Ovviamente sono perfettamente d'accordo con te che chi assume un atteggiamento introspettivo è perchè vive uno stato di disagio o di malessere interiore verso se stesso o verso il mondo. Al masochismo psicologico credo poco, ehehe. Ciò che però intendevo dire è che non sempre l'introspezione o l'eccesso di introspezione pagano. Mi riferisco a me stessa e alle mie esperienze; anche a me è capitato di attraversare (e sicuramente mi capiterà ancora) periodi di para totale in cui mi sentivo assolutamente inadegata in tutto ciò che facevo; periodi in cui non riuscivo a capire chi ero veramente, periodi in cui non mi piacevo ed ero assolutamente insoddisfatta di me stessa e della mia vita. Ovviamente in queste circostanze si comincia a scavare dentro e a mestare e rimestare. Per quanto mi riguarda, quasi sempre sono stati dei circoli viziosi che non mi hanno portata da nessuna parte se non a stare ancora peggio: più frugavo dentro me stessa e più andavo in para. Ho cominciato a tirarmi fuori dalla melma solo nel momento in cui ho iniziato a fare, invece che pensare; una cosa qualsiasi, anche piccola e insignificante, ma che mi appagasse, e così, cominciando a distrarmi da quella troppa introspezione, ho a poco a poco recuperato la serenità. Poi non so dirti se quel mio iniziare a fare fosse comunque un risultato conseguito attraverso l'autoanalisi, ma di fatto è sempre stato così. Purtroppo per carattere io sono una che pensa troppo: spazio dal senso della vita ai massimi sistemi e solo una congiuntura astrale positiva ha impedito che io mi iscrivessi a filosofia. Comunque, l'unica terapia che ho trovato per mantenermi serena ed equilibrata è non darmi il tempo di pensare. Forse è un pò pragmatico e rude come sistema, ma su di me funziona. Ciao elio, mandi. :o))

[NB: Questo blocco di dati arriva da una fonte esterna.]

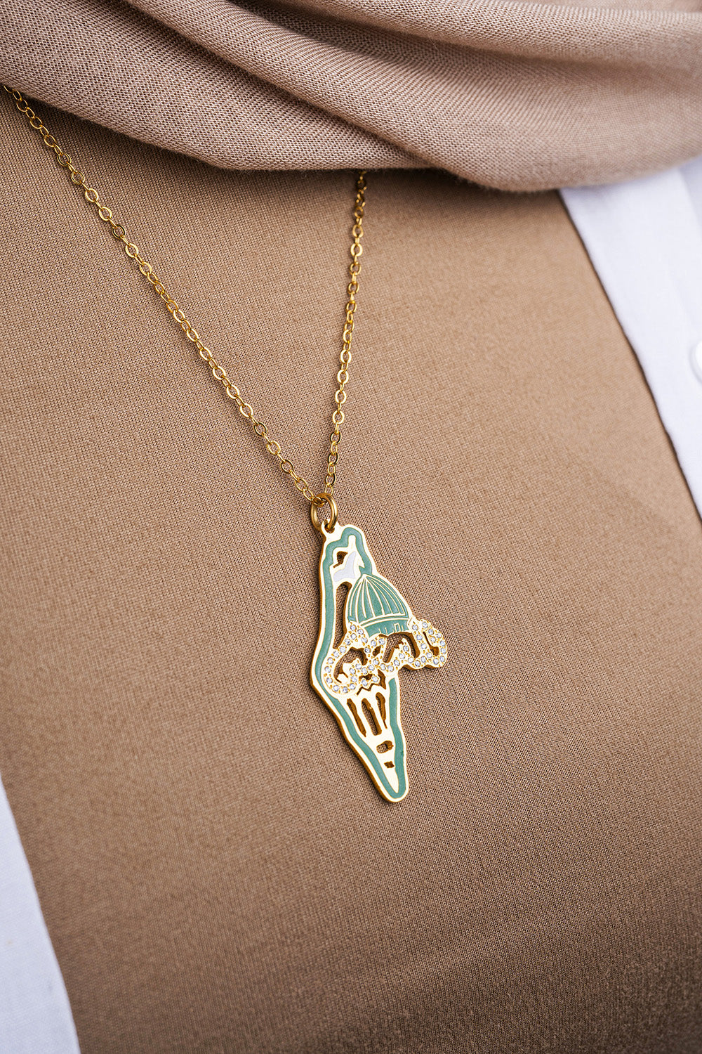 سلسلة ذهبية فاخرة تحمل تعليقة مميزة بشكل خريطة فلسطين. التصميم يجمع بين الأناقة والفخر الوطني، ليكون رمزًا دائمًا للتاريخ والانتماء. تفاصيل الخريطة الذهبية تضفي لمسة من الفخامة والرقي، مما يجعلها قطعة مجوهرات تعبر عن الحب العميق للوطن والهوية الفلسطينية. هذه السلسلة ليست مجرد إكسسوار، بل هي أيضًا رمز للعزة والانتماء، مما يجعلها هدية رائعة لكل من يحمل فلسطين في قلبه.

Congiuntura astrale? Un fortune cookie a fagiolo (anche per il segno zodiacale):
Io non credo negli oroscopi. Sono acquario, e quelli del mio segno non credono a queste cose.
Mandi Vega
p.s. io cancro. che si fa?
battute a parte, non so se sia possibile 'insegnare' la felicità, nè se l'introspezione sia necessaria, o solo utile, o del tutto inefficace: sono molto possibilista, nel senso che ritengo che ciascuno debba un o' trovare la propria soluzione, quella che si adatta meglio alla propria indole e la proprio carattere. Da ragazzina ricordo che ero abbonata a Selezione del Reader's digest, e mi appassionavo molto agli articoli che spesso venivano pubblicati in cui si spiegavano in modo molto divulgativo ed elementare le teorie psicologiche per star bene ed essere felici. Poi sono stata una adolescente ( e anche un pezzo dopo che l'adolescenza era finita) molto introversa, molto orientata all'introspezione e all'autoanalisi, e direi fondamentalmente infelice. Non saprei dire se questo analizzarmi sia servito a rendermi migliore, oppure no. Forse mi ha dato solo consapevolezza di alcune cose, di alcuni aspetti di me stessa, ma non so se mi abbia anche aiutato ad accettarli, o addirittura a superarli... ma al tempo stesso ritengo che non sia dipeso da me essere in quel modo: lo ero e basta, non é stata una scelta, ma un dato di fatto...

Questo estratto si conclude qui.